* **Dataset excerpts**:
/---

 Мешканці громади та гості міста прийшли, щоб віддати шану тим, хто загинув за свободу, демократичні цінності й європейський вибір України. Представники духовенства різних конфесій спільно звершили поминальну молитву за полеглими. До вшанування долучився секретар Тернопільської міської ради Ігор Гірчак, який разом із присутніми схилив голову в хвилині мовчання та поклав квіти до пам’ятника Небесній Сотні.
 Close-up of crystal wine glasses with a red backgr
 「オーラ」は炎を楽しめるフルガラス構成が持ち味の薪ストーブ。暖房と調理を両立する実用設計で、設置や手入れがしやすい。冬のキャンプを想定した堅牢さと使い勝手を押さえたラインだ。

\---
/---

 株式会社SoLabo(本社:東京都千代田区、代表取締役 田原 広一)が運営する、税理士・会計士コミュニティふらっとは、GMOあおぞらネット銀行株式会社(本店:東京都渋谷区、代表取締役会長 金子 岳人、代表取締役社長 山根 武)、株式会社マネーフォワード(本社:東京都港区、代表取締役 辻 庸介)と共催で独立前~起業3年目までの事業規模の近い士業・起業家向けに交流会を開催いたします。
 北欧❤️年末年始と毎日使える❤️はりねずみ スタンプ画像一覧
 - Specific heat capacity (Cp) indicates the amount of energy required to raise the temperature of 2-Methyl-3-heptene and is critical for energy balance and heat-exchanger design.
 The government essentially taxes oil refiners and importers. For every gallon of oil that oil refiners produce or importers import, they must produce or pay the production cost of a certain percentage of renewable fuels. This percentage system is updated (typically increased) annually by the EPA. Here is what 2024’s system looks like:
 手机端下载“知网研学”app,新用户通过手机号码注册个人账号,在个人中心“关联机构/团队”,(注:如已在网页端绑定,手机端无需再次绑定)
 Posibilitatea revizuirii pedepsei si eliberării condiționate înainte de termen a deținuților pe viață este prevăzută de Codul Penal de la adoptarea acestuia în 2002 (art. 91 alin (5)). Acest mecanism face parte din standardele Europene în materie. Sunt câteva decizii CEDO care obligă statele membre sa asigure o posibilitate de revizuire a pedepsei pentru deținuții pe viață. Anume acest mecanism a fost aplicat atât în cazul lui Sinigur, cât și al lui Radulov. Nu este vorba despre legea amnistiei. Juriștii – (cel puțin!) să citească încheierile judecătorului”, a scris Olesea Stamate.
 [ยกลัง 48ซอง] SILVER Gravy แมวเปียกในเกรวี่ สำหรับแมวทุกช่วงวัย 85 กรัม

\---

* **What is required**: Copy exactly the stretch of data above from the line with "金子 岳人、代表取締役社長 山根" through the line with "- Specific heat", and omit all other lines.

* **Answer area**:
 株式会社SoLabo(本社:東京都千代田区、代表取締役 田原 広一)が運営する、税理士・会計士コミュニティふらっとは、GMOあおぞらネット銀行株式会社(本店:東京都渋谷区、代表取締役会長 金子 岳人、代表取締役社長 山根 武)、株式会社マネーフォワード(本社:東京都港区、代表取締役 辻 庸介)と共催で独立前~起業3年目までの事業規模の近い士業・起業家向けに交流会を開催いたします。
 北欧❤️年末年始と毎日使える❤️はりねずみ スタンプ画像一覧
 - Specific heat capacity (Cp) indicates the amount of energy required to raise the temperature of 2-Methyl-3-heptene and is critical for energy balance and heat-exchanger design.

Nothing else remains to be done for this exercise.